Lee Lik Hang, Yantiss Rhonda K, Sadot Eran, Ren Bing, Calvacanti Marcela Santos, Hechtman Jaclyn F, Ivelja Sinisa, Huynh Be, Xue Yue, Shitilbans Tatiana, Guend Hamza, Stadler Zsofia K, Weiser Martin R, Vakiani Efsevia, Gönen Mithat, Klimstra David S, Shia Jinru
Department of Pathology, Memorial Sloan Kettering Cancer Center, New York, NY 10065, USA.
Department of Pathology and Laboratory Medicine, Weill Cornell Medical College, New York, NY 10065, USA.
Hum Pathol. 2017 Apr;62:74-82. doi: 10.1016/j.humpath.2016.12.013. Epub 2016 Dec 26.
Colorectal medullary carcinoma, recognized by the World Health Organization as a distinct histologic subtype, is commonly regarded as a specific entity with an improved prognosis and unique molecular pathogenesis. A fundamental but as yet unaddressed question, however, is whether it can be diagnosed reproducibly. In this study, by analyzing 80 colorectal adenocarcinomas whose dominant growth pattern was solid (thus encompassing medullary carcinoma and its mimics), we provided a detailed description of the morphological spectrum from "classic medullary histology" to nonmedullary poorly differentiated histologies and demonstrated significant overlapping between categories. By assessing a selected subset (n=30) that represented the spectrum of histologies, we showed that the interobserver agreement for diagnosing medullary carcinoma by using 2010 World Health Organization criteria was poor; the κ value among 5 gastrointestinal pathologists was only 0.157 (95% confidence interval, 0.127-0.263; P=.001). When we arbitrarily classified the entire cohort into "classic" and "indeterminate" medullary tumors (group 1, n=19; group 2, n=26, respectively) and nonmedullary poorly differentiated tumors (group 3, n=35), groups 1 and 2 were more likely to exhibit mismatch repair protein deficiency than group 3 (P<.001); however, improved survival could not be detected in either group compared with group 3. Our findings suggest that the diagnosis of medullary carcinoma, as currently applied, may only serve as a morphological descriptor indicating an increased likelihood of mismatch-repair deficiency. Additional evidence including a more objective classification system is needed before medullary carcinoma can be regarded as a distinct entity with prognostic relevance. Until such evidence becomes available, caution should be exercised when making this diagnosis, as well as when comparing results across different studies.

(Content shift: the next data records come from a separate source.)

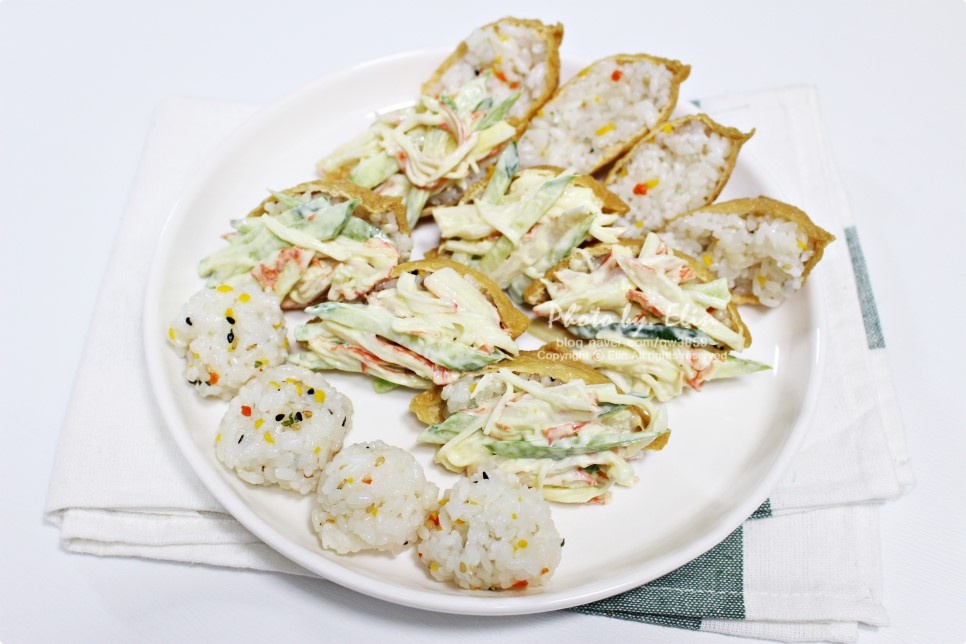 Place the prepared crab and cucumber salad generously on top of the rice-filled tofu pouches. Even if the cucumber was cut a bit thick, the taste will be fantastic!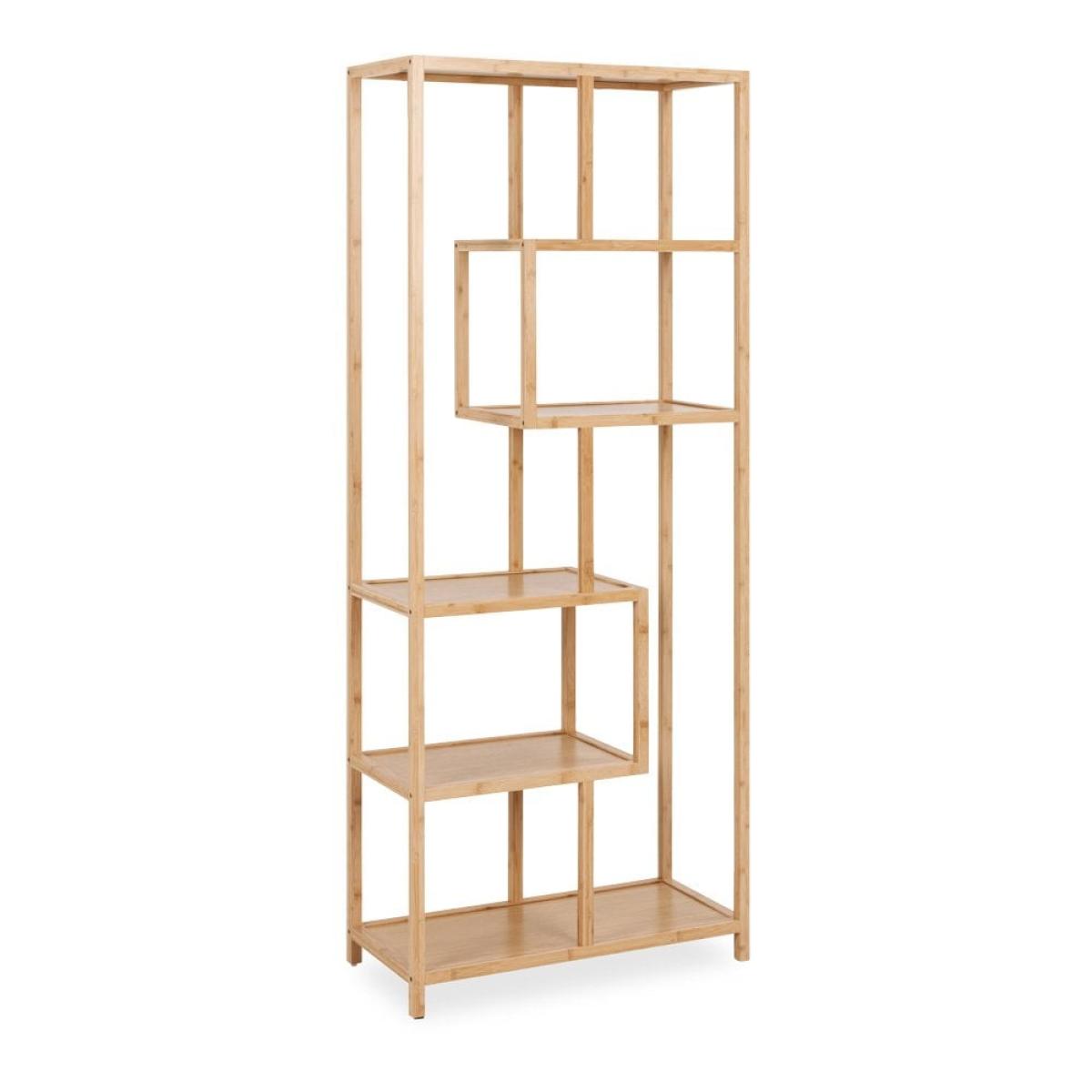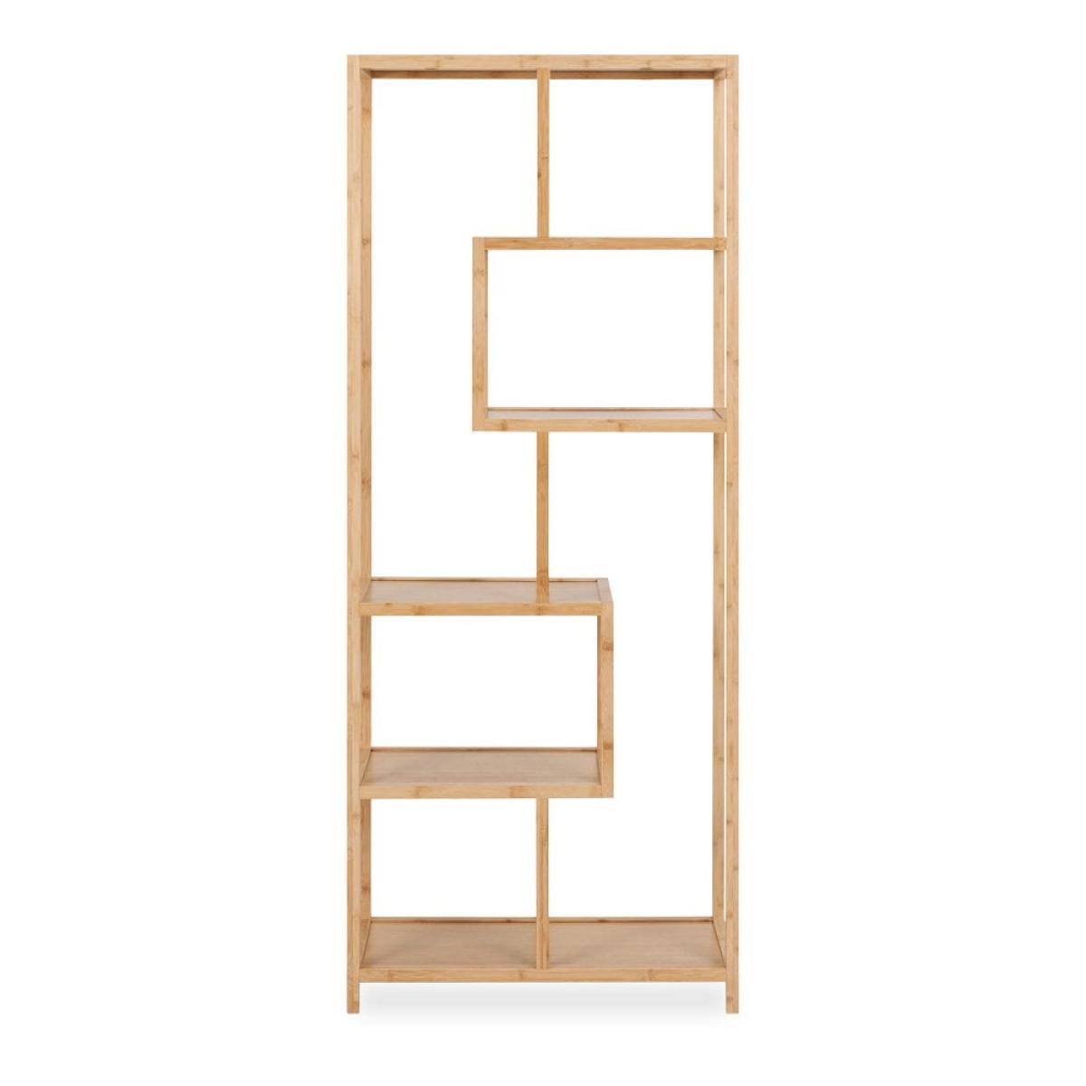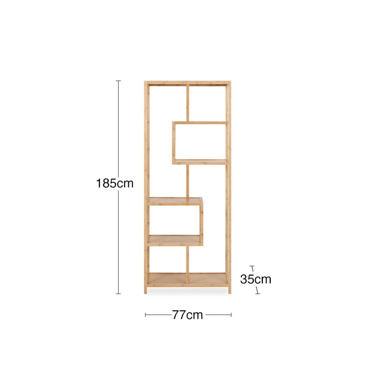 I love how this bamboo bookcase brings a light, natural feel without overwhelming a space - its open, asymmetric shelving suits both minimalist and eclectic interiors. It works well in living rooms, home offices or even hallways, providing display space without a boxed-in look. For styling, mix upright and stacked books, pop in a small plant or two, and introduce a framed print or a decorative object in alternating cubbies. Keep some sections empty to maintain an airy, organised vibe.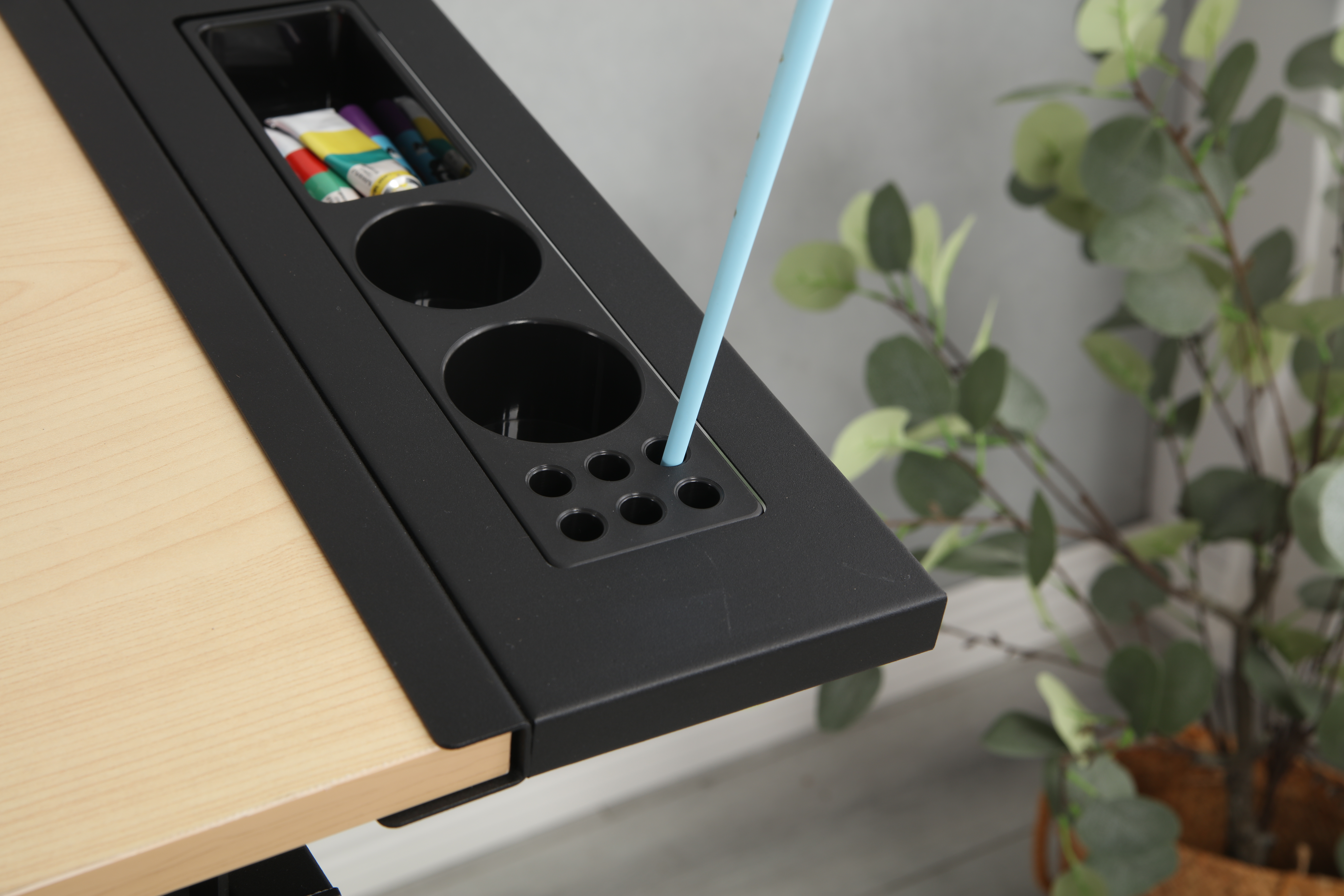 - Tabletop can be tilted: The desktop is made of 18mm thickness P2 MDF, the desktop can be tilted from 0 to 75°.

结直肠髓样癌被世界卫生组织认定为一种独特的组织学亚型,通常被视为具有较好预后和独特分子发病机制的特定实体。然而,一个基本但尚未解决的问题是,它是否能够被重复性诊断。在本研究中,通过分析80例以实性生长为主型的结直肠腺癌(从而涵盖髓样癌及其相似病变),我们详细描述了从“经典髓样组织学”到非髓样低分化组织学的形态学谱,并证明各分类之间存在显著重叠。通过评估代表组织学谱的一个选定子集(n = 30),我们发现采用2010年世界卫生组织标准诊断髓样癌时,观察者间的一致性较差;5位胃肠道病理学家之间的κ值仅为0.157(95%置信区间,0.127 - 0.263;P = 0.001)。当我们将整个队列任意分为“经典”和“不确定”髓样肿瘤(分别为第1组,n = 19;第2组,n = 26)以及非髓样低分化肿瘤(第3组,n = 35)时,第1组和第2组比第3组更可能出现错配修复蛋白缺陷(P < 0.001);然而,与第3组相比,两组均未检测到生存改善。我们的研究结果表明,目前应用的髓样癌诊断可能仅作为一种形态学描述,提示错配修复缺陷可能性增加。在髓样癌可被视为具有预后相关性的独特实体之前,需要包括更客观分类系统在内的更多证据。在获得此类证据之前,进行该诊断以及比较不同研究结果时应谨慎行事。